The Fun and Funky Costa Rican Beach Town of Dominical

The southern Pacific coast of Costa Rica, known as the Southern Zone, is a place of raw, natural beauty. Tall, tree-covered mountains and hills come right up to the shore. The beaches are uncrowded to the extreme—often you could be the only person around. Of course, you might have some other species as your companions. The region’s rainforests are some of the most bio-diverse on the planet, full of creatures like blue morpho butterflies, three-toed sloths, capuchin monkeys, toucans, and more.

A series of small beach communities run up and down the coast. If you’re coming south on the coastal highway the first one you hit officially in the Southern Zone is Dominical. It’s ideal for those seeking a relaxed life, with modern conveniences like high-speed internet and reliable electric service, as well as comforts like food markets (well-stocked with imported and organic products) and international restaurants.
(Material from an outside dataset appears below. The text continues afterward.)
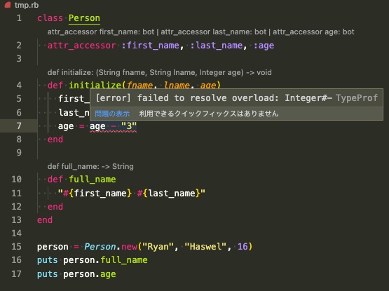 あとはRubyが書かれたファイルを開くだけで下記のように確認できるようになる。メソッドの引数や返り値の肩の提示、型の異なる変数同士の足し算などが実行前にエラーになっていることが確認できるはず。

This village by the sea has just a few streets lined with restaurants, shops, and simple hotels. The place to be is the beach road. On one side you have beach bars and restaurants—open air and serving filling, cheap meals (and cold beer). On the other side you have rows of handicraft vendors in the shade of palm trees. And beyond that you have the beach and blue Pacific. It’s laidback; no shoes, no problem…the perfect escape.

 

This area was somewhat isolated from the rest of the country for many, many years. The road was rough, the bridges scary. From the capital, San José, the journey took six, seven, eight hours, sometimes more depending on road conditions. Fortunately, the coastal highway (La Costanera) was completed in 2010 and now you have smooth well-maintained pavement the whole way.

This improved access has brought change to the region. There are more tourists and more expats…and more conveniences and services. But what makes this region special—the jungle, wildlife, and the untamed beaches—has not been spoiled. Development is limited. No big hotels or resorts on the beach and no cookie cutter housing projects. It remains a unique and beautiful region in Costa Rica.